The english langvage has 3 main models 
      - small (en_core_web_sm)
      - Medium (en_core_web_md)
      - Large (en_core_web_lg)

In [3]:
!pip install spacy 
import spacy
nlp = spacy.load("en_core_web_sm")



In [5]:
from spacy.matcher import Matcher
matcher = Matcher(nlp.vocab)

### Rule Based Matching

In [7]:
## Now lets looks at a pattern  (example Hello world)
# Hellow world appers in below ways 
# Hello World 
# Hello-world 
pattern_1 = [{'LOWER': 'hello'},{'LOWER':'world'}]
pattern_2 = [{'LOWER': 'hello'},{'IS_PUNCT': True},{'LOWER':'world'}]
matcher.add('Hello World',None, pattern_1,pattern_2)

In [8]:
doc = nlp("'Hello World' is the first programme for everyone, printing 'Hello-World' means u started coding ")
doc

'Hello World' is the first programme for everyone, printing 'Hello-World' means u started coding 

In [9]:
find_matches = matcher(doc)
print(find_matches)

[(8585552006568828647, 1, 3), (8585552006568828647, 13, 16)]


In [10]:
for match_id,start,end in find_matches:   ## the  find_matches gives us 3 variables match_id (matched string id), start,end
  string_id = nlp.vocab.strings[match_id]
  span =  doc[start:end]
  print(match_id,string_id,start,end,span.text)

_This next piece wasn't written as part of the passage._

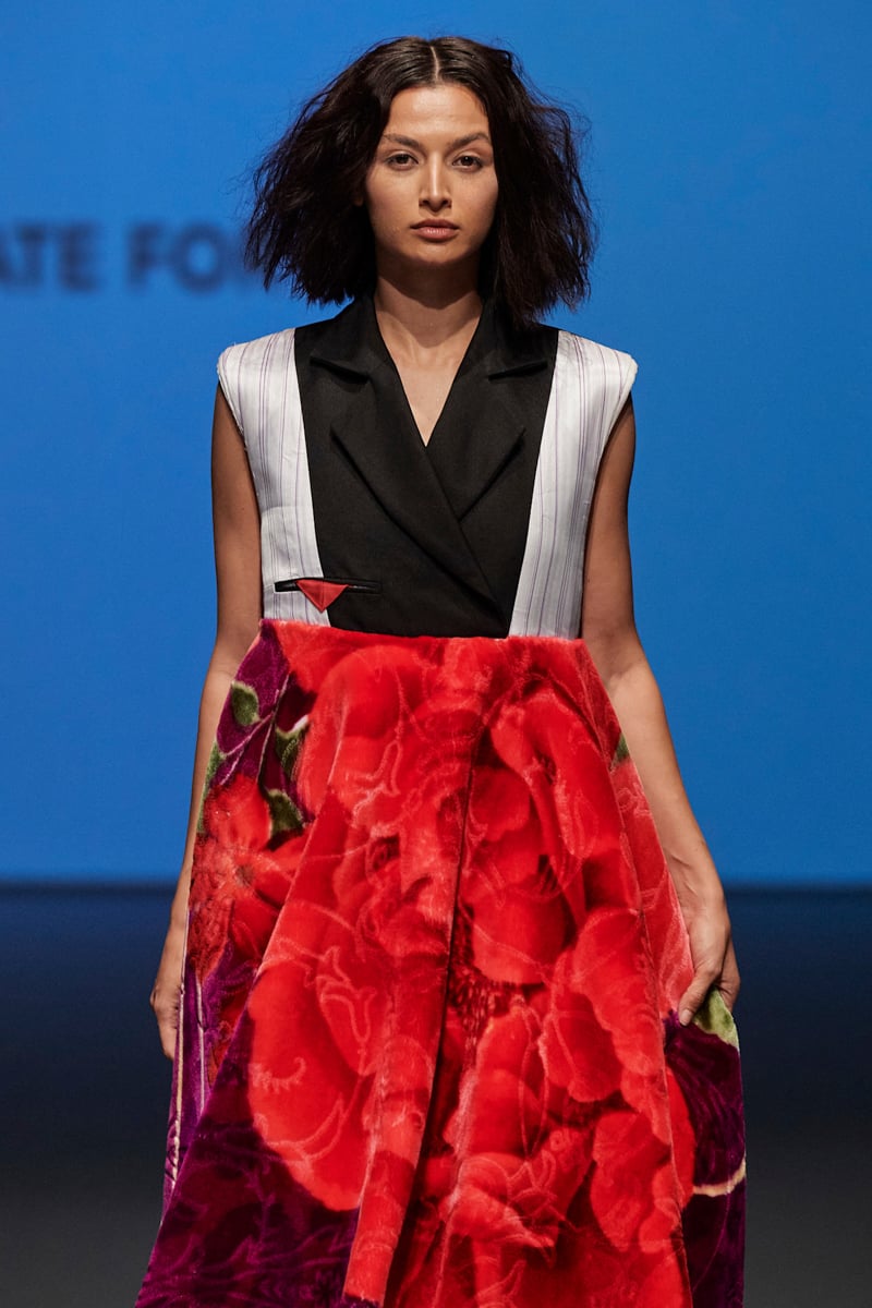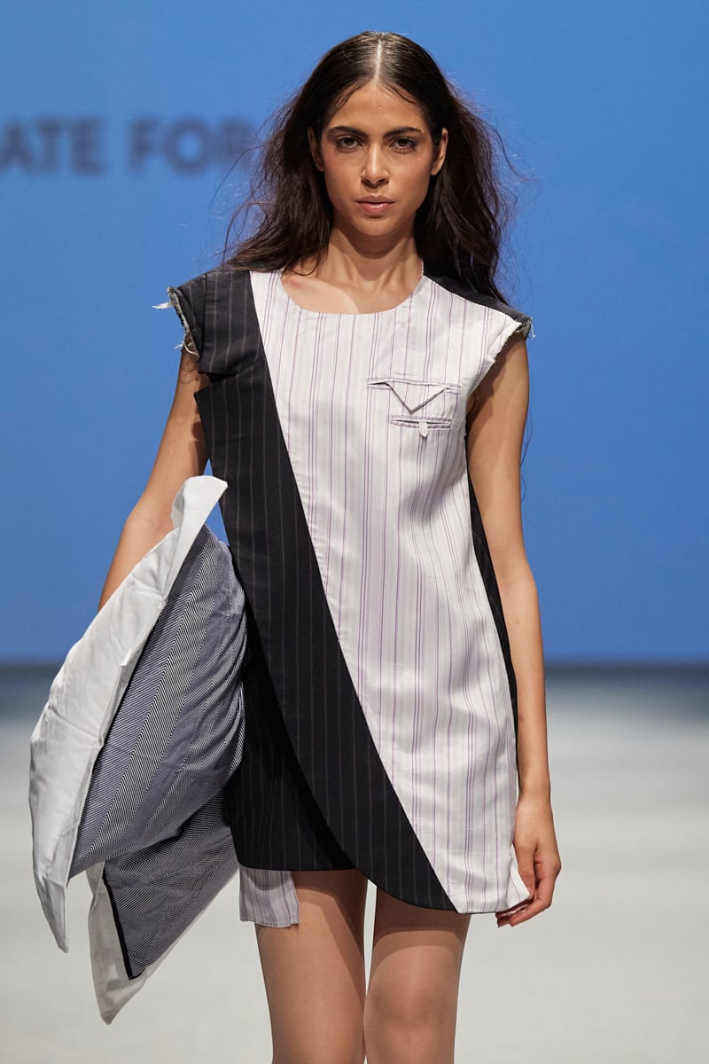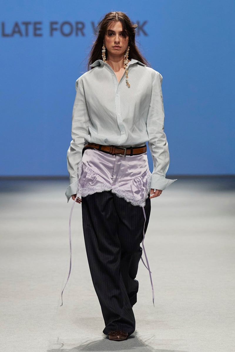 同じくカネックスのブースで見つけた、モロッコ・メクネス出身の若手ユセフ・ドリッシ(Youssef Drissi)による「レイト フォー ワーク(LATE FOR WORK)」。カサブランカのファッションスクール Casa Moda Academyを卒業し、2018年にアフリカのファッションクリエイターが対象の「FIMA(Festival International de la Mode en Afrique)Young Designers award」で大賞を受賞。ブランドをスタートさせた。パリでのトラノイへの参加や、カネックスのプログラムを通じてギャラリー・ラファイエットでポップアップを開催。今年はファッション・トラスト・アラビア(FTA)※のファイナリストに選出されるなど、じわじわと頭角を表している。

8585552006568828647 Hello World 1 3 Hello World
8585552006568828647 Hello World 13 16 Hello-World


In [12]:
pattern_3 = [{'LOWER': 'hello'},{'LOWER':'world'}]
pattern_4 = [{'LOWER': 'hello'},{'IS_PUNCT': True, 'OP' : '*'},{'LOWER':'world'}]
matcher.add('Hello World',None, pattern_3,pattern_4)
doc1 = nlp("'Hello World' is the first programme for everyone Hello World , printing 'Hello-World' means u started coding in Hello--world")
find_matches = matcher(doc1)
print(find_matches)

[(8585552006568828647, 1, 3), (8585552006568828647, 10, 12), (8585552006568828647, 15, 18), (8585552006568828647, 24, 27)]


### Phrase Based matching

Here we look for some phrases rather than  rules .. Lets look at example 



In [16]:
from spacy.matcher import PhraseMatcher
matcher = PhraseMatcher(nlp.vocab)
pharse_list = ['Barak Obama', 'Angela Markel','Washington, D.c']
pharse_patterns = [nlp(text) for text in pharse_list]
pharse_patterns
matcher.add("terminology", None, *pharse_patterns)

In [17]:
doc3 = nlp("German chancoler Angela Markel meet the Barak Obama in  Washington, D.c ")
find_matches = matcher(doc3)
print(find_matches)

[(14795493746145778174, 2, 4), (14795493746145778174, 6, 8), (14795493746145778174, 10, 13)]


In [18]:
for match_id,start,end in find_matches:   ## the  find_matches gives us 3 variables match_id (matched string id), start,end
  string_id = nlp.vocab.strings[match_id]
  span =  doc3[start:end]
  print(match_id,string_id,start,end,span.text)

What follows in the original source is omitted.